Eli Dunn was born into the restaurant business, helping his mother run her former Massachusetts mainstay Phoebe’s Fish and Chips from the time he was a teenager until he ran the kitchen as head chef. Now, the chef/owner of Eli’s Kitchen in Warren, Rhode Island (who credits Upserve analytics with providing valuable business insights into his operation) is taking his talents to television, competing on Food Network’s Chopped on Nov. 27 at 9 pm. But first, he dishes with Restaurant Insider about how the strategy for running his own kitchen was perfectly aligned with his attempt to take home the $10,000 prize.
What sorts of cuisine are you typically whipping up at Eli’s Kitchen?
Somebody on Yelp once said that we’re comfort food with global influences. I like that. I felt like that described us in a nutshell. Really my business model from the very beginning was inclusivity, so I really wanted to have something on the menu for everybody, which is difficult to do. It’s a lot of work. I’m obsessed about, if I’m going to do something vegetarian, I’m not just going to throw a salad on the menu; I’m going to try to make something really delicious, as delicious as a burger. I think I’m borderline obsessive about trying to reach a certain ethnicity or food preference. I try to represent it as best I can. … We do accessible comfort food. Our little motto is, “Source responsibly, cook with love, and share with others.” That really defines my cooking ability. Cooking is not just service for me. I’m not motivated necessarily by profit or increasing revenue. It’s more about making people happy.

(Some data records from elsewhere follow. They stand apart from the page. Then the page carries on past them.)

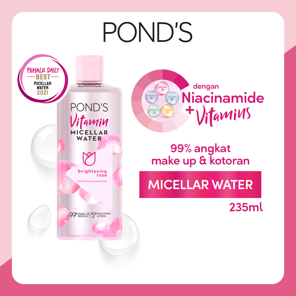 BARU! POND's Vitamin Micellar Water (Makeup Remover) Brightening Rose! Micellar water pertama yang diperkaya dengan vitamin. Makeup bersih 99%* dengan 5x brightening action** untuk hasil wajah glowing dan bersih! Diformulasikan dengan 5 vitamin (vitamin A, B3, B5, C, E) dan 100% Organic Natural French Roses untuk membersihkan makeup, kotoran, dan sunscreen hingga wajah menjadi glowing.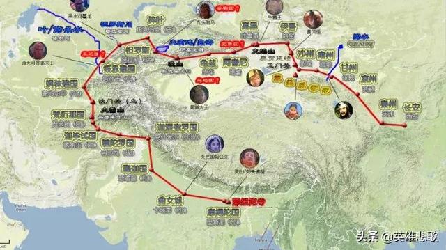 唐朝时环天山山脉行进路线图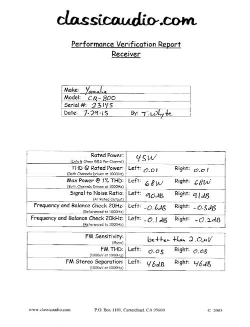 Yamaha model CR-800 receiver in very good condition. Rated at 45 watts RMS per channel into 8 ohms and 55 watts RMS per channel into 4 ohms. It has been serviced. Includes a copy of the owner's manual and our original Performance Verification Report.
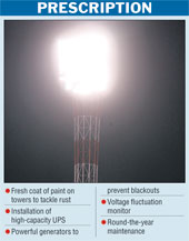 “The security and maintenance of the towers are as important as the power distribution system across the stadium, including the floodlights,” said another member of the panel, made up of representatives of CESC, Calcutta police, the Cricket Association of Bengal and the public works department.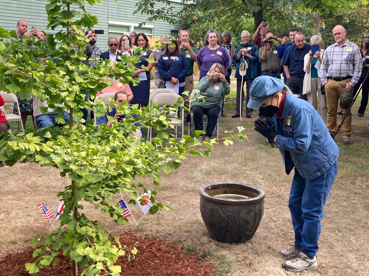 At the ceremony in Oregon, Tamura Snider, who emigrated to the United States decades ago and lives in Medford, went outside to one of the peace trees, a ginkgo, on the forestry department grounds, with dozens of other people. She bowed before the tree and watered it with a ladle. Others queued up to also water it.
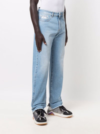 light-wash wide-leg jeans blue cotton light wash folded edge mid-rise logo patch to the front front button and zip fastening slip pockets to the sides belt loops Made in Italy Composition Lining: Polyester 65%, Cotton 35% Outer: Cotton 100% SIZE & FIT Model measurements Height 6 ft 2 in(1.88 m) Bust/Chest 34.25 in(87 cm) Hips 36.22 in(92 cm) Waist 30.31 in(77 cm) FittingInformation This piece fits true to size. We recommend you get your regular size Regular fit Made with a mid-weight non-stretch fabric Washing instructions Machine Wash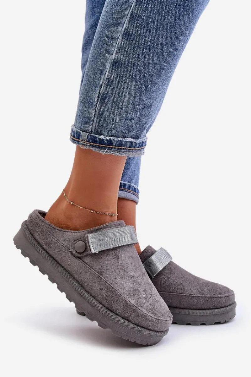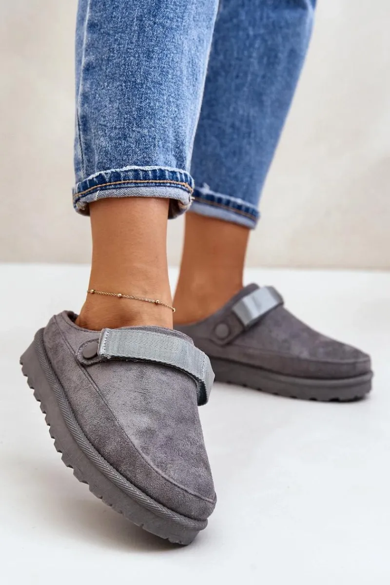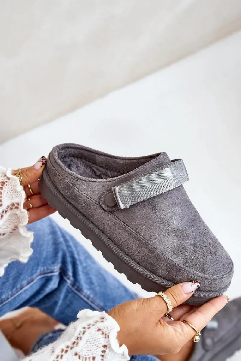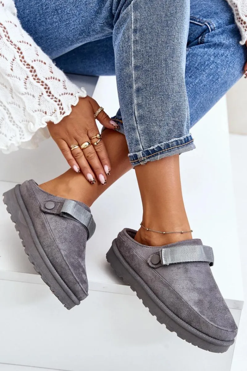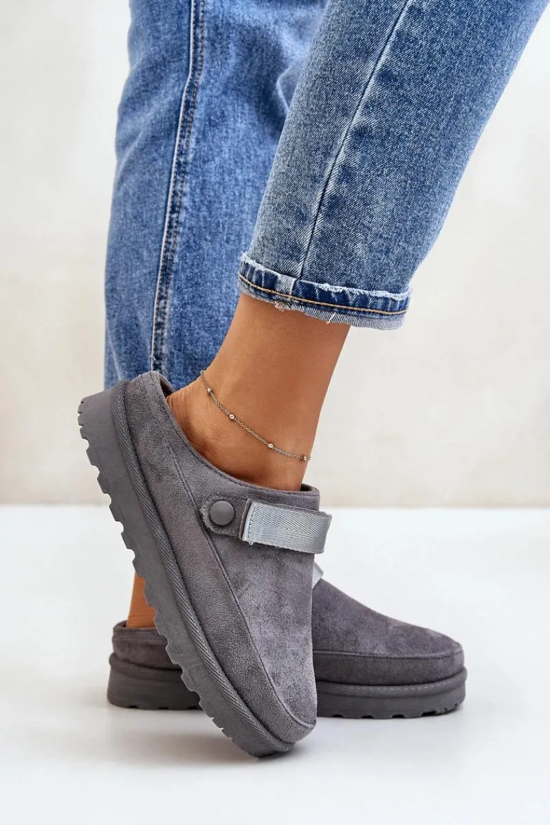 Damskie klapki wykonane z eko zamszu. Osadzone na platformie. Wnętrze ocieplone przyjemnym futerkiem, co zapewnia komfort w chłodniejsze dni. Dodatkowo posiadają ruchomy pasek zapinany na rzep, który stabilizuje piętę i umożliwia idealne dopasowanie. Idealne na co dzień, łączą styl z funkcjonalnością. Przy wyborze rozmiaru prosimy sugerować się tabelą rozmiarów.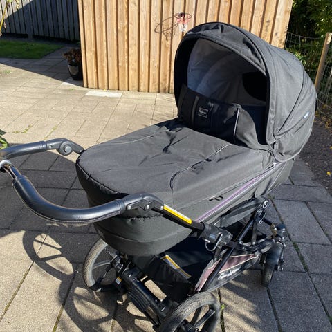 Købt brugt og efterfølgende tilkøbt nye hjul og regnslag.
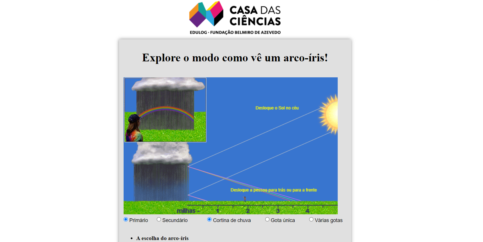 Aplicação interativa que permite explorar o modo como um observador vê um arco-íris. O utilizador pode optar por ver um arco-íris primário ou secundário; pode alternar entre três modos de visualização (cortina de chuva, gota única ou várias gotas); pode ainda alterar a posição do Sol e do observador.

Where does that mentality come from?
I started working in my mom’s restaurant when I was 15. I had done everything from wash the dishes to prepping to bake the bread, serving, to eventually being the head chef the last five years or so. It’s just in my blood. I’ve been cooking my whole life. [After Phoebe’s closed] I became one of the brunch chefs at Julian’s in Providence in ‘04. I had only really ever cooked seafood up to that point. That was the first time I ever worked in a place where they were doing what we do. They cater to everybody. I learned about vegan cuisine, vegetarian cuisine, brunch, all that stuff. That was my introduction to the world outside of fish and chips and fried clams.
Without giving away any spoilers, how did your experiences help you prepare for the challenges on Chopped?
The way we cook here, we do our set menu, but we do expanded specials every single day. Some restaurants would have one or two specials a night. We have anywhere from nine to 12 specials a night: three small plates, two large plates, and desserts. Those specials are created using the simple formula where we go into the walk-in with what we call the “use list,” and we’ve got different categories. We find all the random special extra stuff we have, a mixture of stuff from local farms and stuff that is leftover from other dishes. We just create a special on the fly using all the different things that we have. It’s really good for food cost, it’s good for cross-utilization of product, it’s a really good way to get cooks engaged. I knew that. That’s how they do it at Julian’s so that’s where I learned.
That’s the premise of Chopped right there.
That worked in my favor, going into a competition like this where you open a box and you have 20 minutes to figure out what to do with this weird stuff. The thing that I think was the scariest or I was the most nervous about was just having cameras in my face.
What made you want to participate in a cooking competition show then?
I got a casting call for Chopped in the fall of last year. I think I turned it down at first because I just didn’t feel like I could fit it into my schedule. But I did a little more research and I realized it was only being filmed for one day. My staff was like, “You’ve got to do this.” They talked me into it. Because, truth be told, I had never really watched a lot of Chopped. I love Food Network and I love Top Chef and some of the other ones, but I hadn’t really seen a lot of Chopped, maybe once or twice. But once I got the casting call, it marinated for a little while, then I reached out again and said I definitely want to do this.
Did you learn anything about yourself as a chef through this process?
One of the things I think really came out of the preparation of doing the show is it really helped me understand why I love cooking, why I do what I do. I think I’ve opened a restaurant because that’s what I wanted to do, and I love cooking. It’s just been really organic. I’m not the kind of person that’s real analytical and cerebral. That’s just not who I am. I’m a real-feel type of cook. Being forced to think about why I cook, what’s my style of cooking, really helped me learn more about myself as a chef. It helped sharpen my focus. In a way, that affected my cooking at the restaurant. I started with: Cooking is an act of service. That was a big thing. That was when I condensed everything that I was thinking about down into one line: Cooking is an act of service. … So that was something I really thought about, and that was something I said when I was on set. I think that’s probably what I got out of it. It really helped me see down to the micro level what it is I love about cooking.